Dr Lucky S. Slamet, Indonesia
One of the advantages of biotechnology, including DNA technology, is that it allows the production of large quantities of therapeutic products that are difficult to prepare from natural sources using a conventional approach, or that are otherwise unavailable. The development implies a potentially limitless supply of drugs and vaccines.
Biotechnology products are probably the best purified and characterized biological medicines in clinical use. Their nature and production are highly sophisticated and must comply with international guidelines on standardization and control. However, the quality, efficacy and safety of such biological medicines in humans still needs to ensured through regulation, such as premarketing approval and licensing, and postmarketing inspection. Considerable emphasis must also be given to “in-process” controls on the starting material and the manufacturing process, as much as to the analysis of the final product. Data are needed on quality and purity of cell culture and on the effectiveness of purification and test methods. Furthermore, the ability of the purification process to remove unwanted materials, such as DNA and potential viral contamination, must also be validated.

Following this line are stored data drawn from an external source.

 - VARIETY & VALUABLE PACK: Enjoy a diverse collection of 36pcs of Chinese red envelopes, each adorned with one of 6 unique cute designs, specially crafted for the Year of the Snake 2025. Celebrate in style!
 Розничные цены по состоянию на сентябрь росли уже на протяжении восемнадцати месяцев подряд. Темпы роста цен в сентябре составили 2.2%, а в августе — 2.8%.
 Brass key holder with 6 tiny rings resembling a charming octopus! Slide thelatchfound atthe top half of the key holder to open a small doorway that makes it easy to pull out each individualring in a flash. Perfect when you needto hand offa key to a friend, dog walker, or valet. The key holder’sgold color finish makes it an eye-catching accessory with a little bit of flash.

The existing international guidelines on the production and control of biotechnology products have helped the Indonesian authority to regulate these products before and after marketing. Regulation covers the critical functions needed to ensure the quality of biologicals, i.e., a published set of requirements for licensing, surveillance, system of lot release, laboratory testing, regular inspection for GMP, and evaluation of clinical performance.

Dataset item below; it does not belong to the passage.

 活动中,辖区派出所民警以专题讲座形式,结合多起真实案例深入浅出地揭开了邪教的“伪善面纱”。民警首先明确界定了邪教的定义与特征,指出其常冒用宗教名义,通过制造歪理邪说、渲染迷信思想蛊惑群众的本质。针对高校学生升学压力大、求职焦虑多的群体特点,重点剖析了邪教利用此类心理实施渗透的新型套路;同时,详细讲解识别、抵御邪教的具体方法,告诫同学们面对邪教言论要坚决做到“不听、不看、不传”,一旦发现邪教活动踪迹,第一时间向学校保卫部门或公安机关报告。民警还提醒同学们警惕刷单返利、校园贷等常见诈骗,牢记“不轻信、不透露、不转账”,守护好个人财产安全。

For licensing, the basic criteria for evaluation cover the main aspects of safety, efficacy, relevance to actual needs, quality, and compliance with GMP. Confirmation of safety and efficacy is based on review of preclinical and clinical data. For quality, evaluation covers control of the manufacturing process, from starting materials to final product. However, with the increased production capacity for biotechnology products, not only in developed but also in developing countries, regulatory measures as well as the authority’s scientific capacity for premarketing evaluation needs to be strengthened, including the capacity to oversee clinical trials, ensure compliance with GMP, and carry out postmarket quality assurance and safety monitoring of such products.